▶ DATA EXTRACT:
Content starts

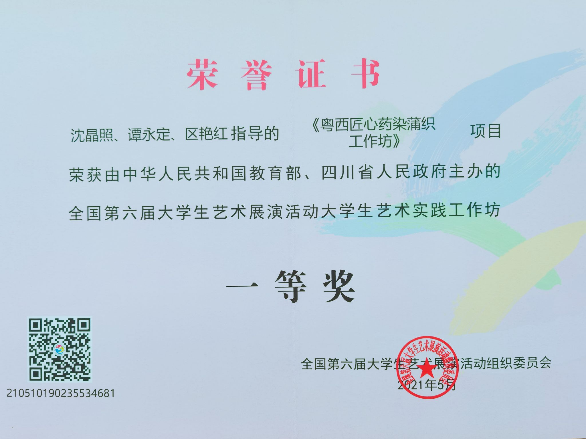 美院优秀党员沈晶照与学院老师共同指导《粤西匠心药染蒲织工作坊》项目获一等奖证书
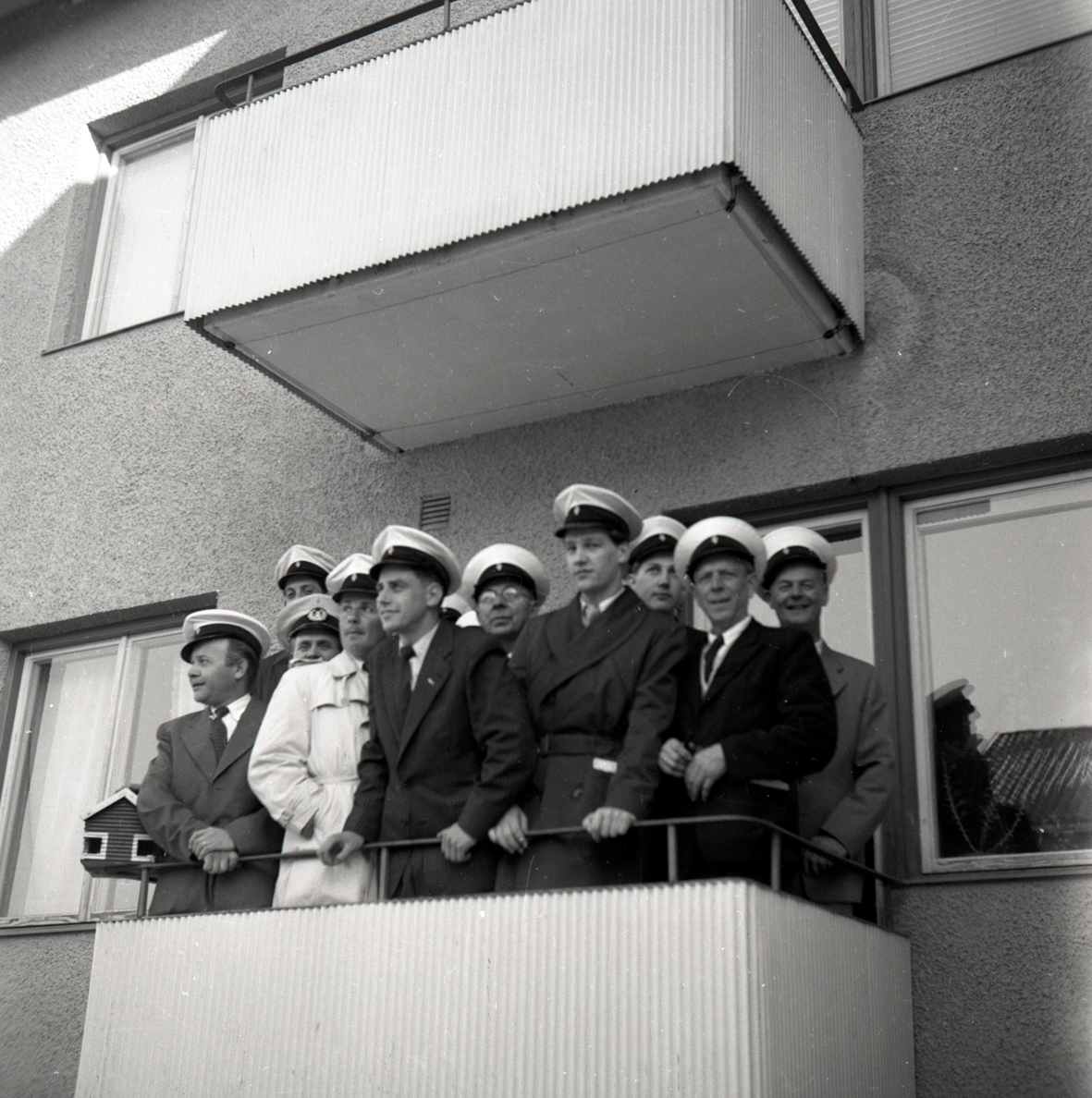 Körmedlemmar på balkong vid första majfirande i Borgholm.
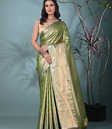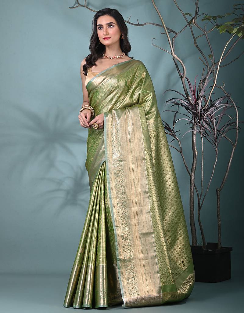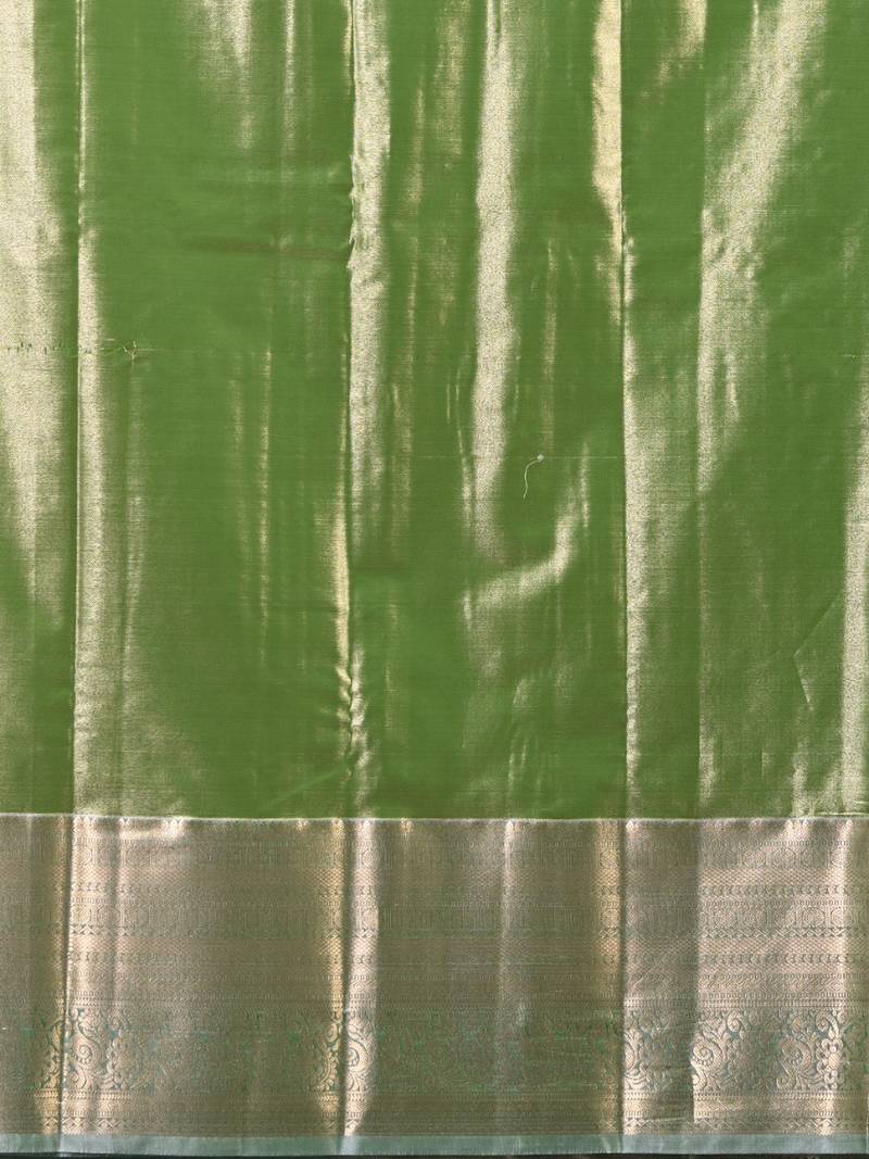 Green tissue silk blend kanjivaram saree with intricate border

Content ends

▶ TO DO: A verbatim copy of the material is needed; pictures are not to appear in it.

▶ ANSWER FOR THE TASK:
 美院优秀党员沈晶照与学院老师共同指导《粤西匠心药染蒲织工作坊》项目获一等奖证书
 Körmedlemmar på balkong vid första majfirande i Borgholm.
 Green tissue silk blend kanjivaram saree with intricate border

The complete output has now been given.